At the species level, the abundance of Akkermansia muciniphila was 0.21% in the NC, decreased to 0.0021% in the MG, and showed a substantial rebound after drug treatment, reaching 1.01% (approximately 480.95-fold increase) and 11.28% (approximately 5371.43-fold increase) in the MET and MJGT_F_H groups, respectively. This is also the main reason for the significant change in the abundance of Akkermansiaceae. In the MG, compared with the NC, the proportions of Lactobacillus johnsonii, Lactobacillus intestinalis, Lactobacillus reuteri, and Lactobacillus murinus all increased to varying degrees, rising from 6.47%, 3.74%, 3.65%, and 2.19% to 10.16%, 10.03%, 8.77%, and 3.09%, respectively. After MJGT_F_H treatment, their proportions decreased to 2.68%, 2.01%, 1.63%, and 0.22%, respectively. After MET treatment, the proportions of the first three bacteria increased slightly to 8.72%, 4.35%, and 4.40%, respectively, while the proportion of Lactobacillus murinus decreased to 0.96%. The proportion of Romboutsia ilealis increased significantly in the MG (10.89%) compared with the NC (2.96%). After drug treatment, it decreased slightly, reaching 9.85% and 8.31% in the MET and MJGT_F_H, respectively. The proportion of Escherichia coli_g__Escherichia-Shigella decreased significantly after model establishment (0.07%) compared with the NC (22.22%). After administration of MET and MJGT_F_H, it rebounded to 4.11% and 0.19%, respectively (Figure S1D).

4. Discussion

This study aimed to investigate the therapeutic effects of flavonoid-rich MJGT_F_H on high-fat/high-sucrose diet combined with streptozotocin-induced T2DM and elucidate its underlying mechanisms. Obesity and high-fat diet promote activation of saturated fatty acid-stimulated adenine nucleotide translocase 2 (ANT2), an intramitochondrial protein that induces adipocyte hypoxia and subsequent hypoxia-inducible factor-1α (HIF-1α) activation, leading to adipose tissue dysfunction and inflammation [25,26]. Obese adipocytes further elevate pro-inflammatory cytokine levels, causing chronic low-grade systemic inflammation (metabolic inflammation) [26], a critical contributor to IR and T2DM pathogenesis [27]. Given the inverse correlation between flavonoid intake and body fat accumulation/weight gain [28], all three MJGT_F concentrations dose-dependently reversed T2DM-induced weight loss and suppressed both postprandial and fasting blood glucose levels, with MJGT_F_H showing the most potent effects. Mechanistic studies revealed that MJGT_F_H’s hypoglycemic effects operate through three interrelated pathways: metabolic regulation, signaling pathway modulation, and gut microbiota remodeling.

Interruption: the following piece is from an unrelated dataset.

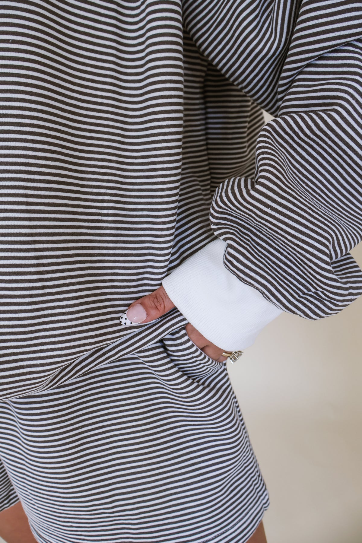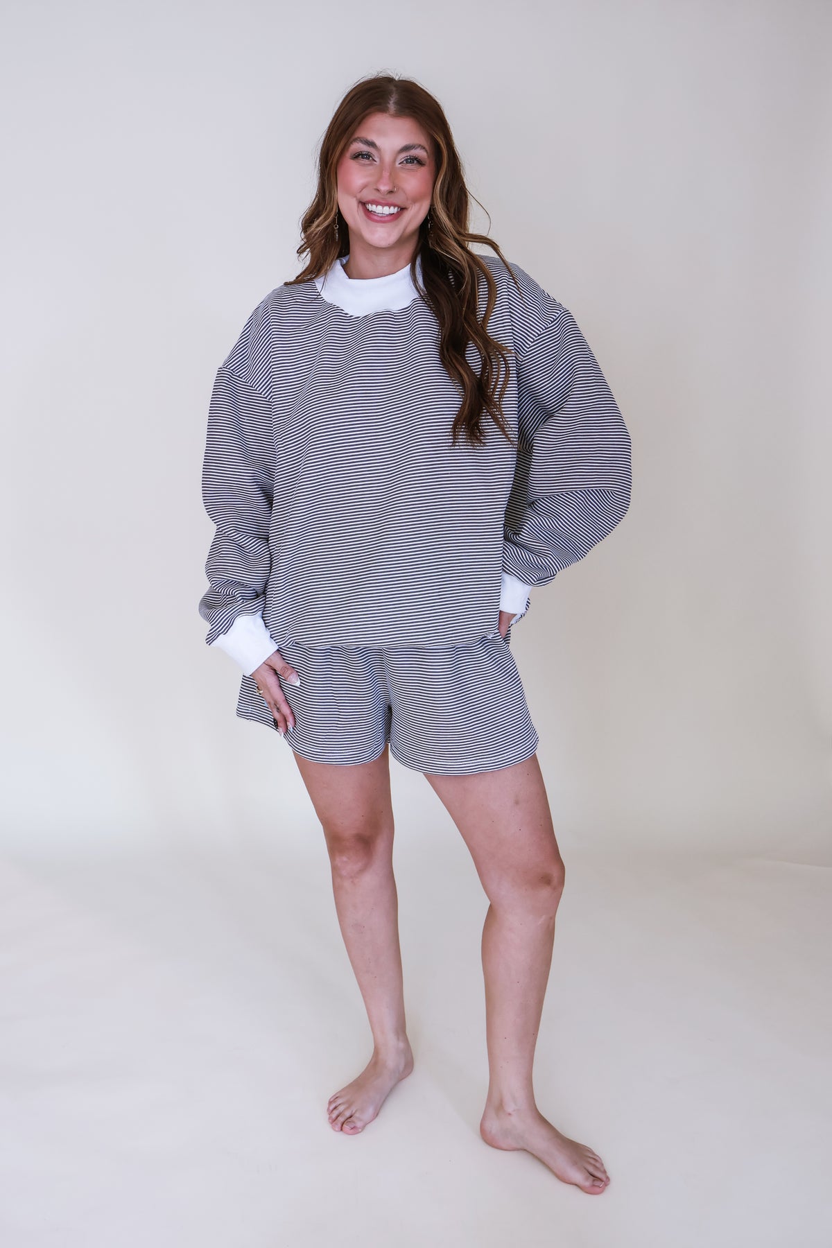 Featuring a relaxed-fit sweatshirt paired with matching shorts, this set is made for throwing on and looking put together without even trying. The classic stripe pattern gives it that timeless, elevated feel while still being fun and easy to wear.

Metabolic regulation T2DM involves severe disturbances in glucose and lipid metabolism. MJGT_F_H significantly ameliorated dyslipidemia in diabetic rats, normalizing elevated TG, TC, and LDL levels while restoring reduced HDL levels. Crucially, it improved hyperinsulinemia by downregulating the HOMA-IR index and upregulating the ISI, indicating enhanced insulin sensitivity. MJGT_F_H also elevated serum GLP-1 levels, whose fluctuations hold significant physiological and pathological implications for diabetic patients. The underlying mechanisms primarily involve the following: binding to the GLP-1 receptor (GLP-1R) on pancreatic β-cells, which activates adenylyl cyclase (AC) to elevate intracellular cAMP levels, subsequently activating protein kinase A (PKA) and an exchange protein directly activated by cAMP 2 (EPAC2), thereby promoting insulin gene transcription and glucose-stimulated insulin secretion [29]; β-cell protection via apoptosis inhibition (e.g., reducing endoplasmic reticulum stress and mitochondrial dysfunction) and proliferation promotion (through Wnt/β-catenin and PDX1/MafA pathways), thereby improving long-term islet function [30]; suppression of glucagon secretion from pancreatic α-cells via the cAMP-PKA pathway, reducing hepatic glucose output [31]. MJGT_F_H likely restores pancreatic β-cell insulin secretion capacity by elevating serum GLP-1 levels in T2DM rats, thereby inducing β-cell proliferation and reducing apoptosis. Concurrently, this process enhances insulin utilization, mitigates IR, increases hepatic glycogen synthesis, and suppresses gluconeogenesis, collectively ameliorating T2DM-associated metabolic derangements.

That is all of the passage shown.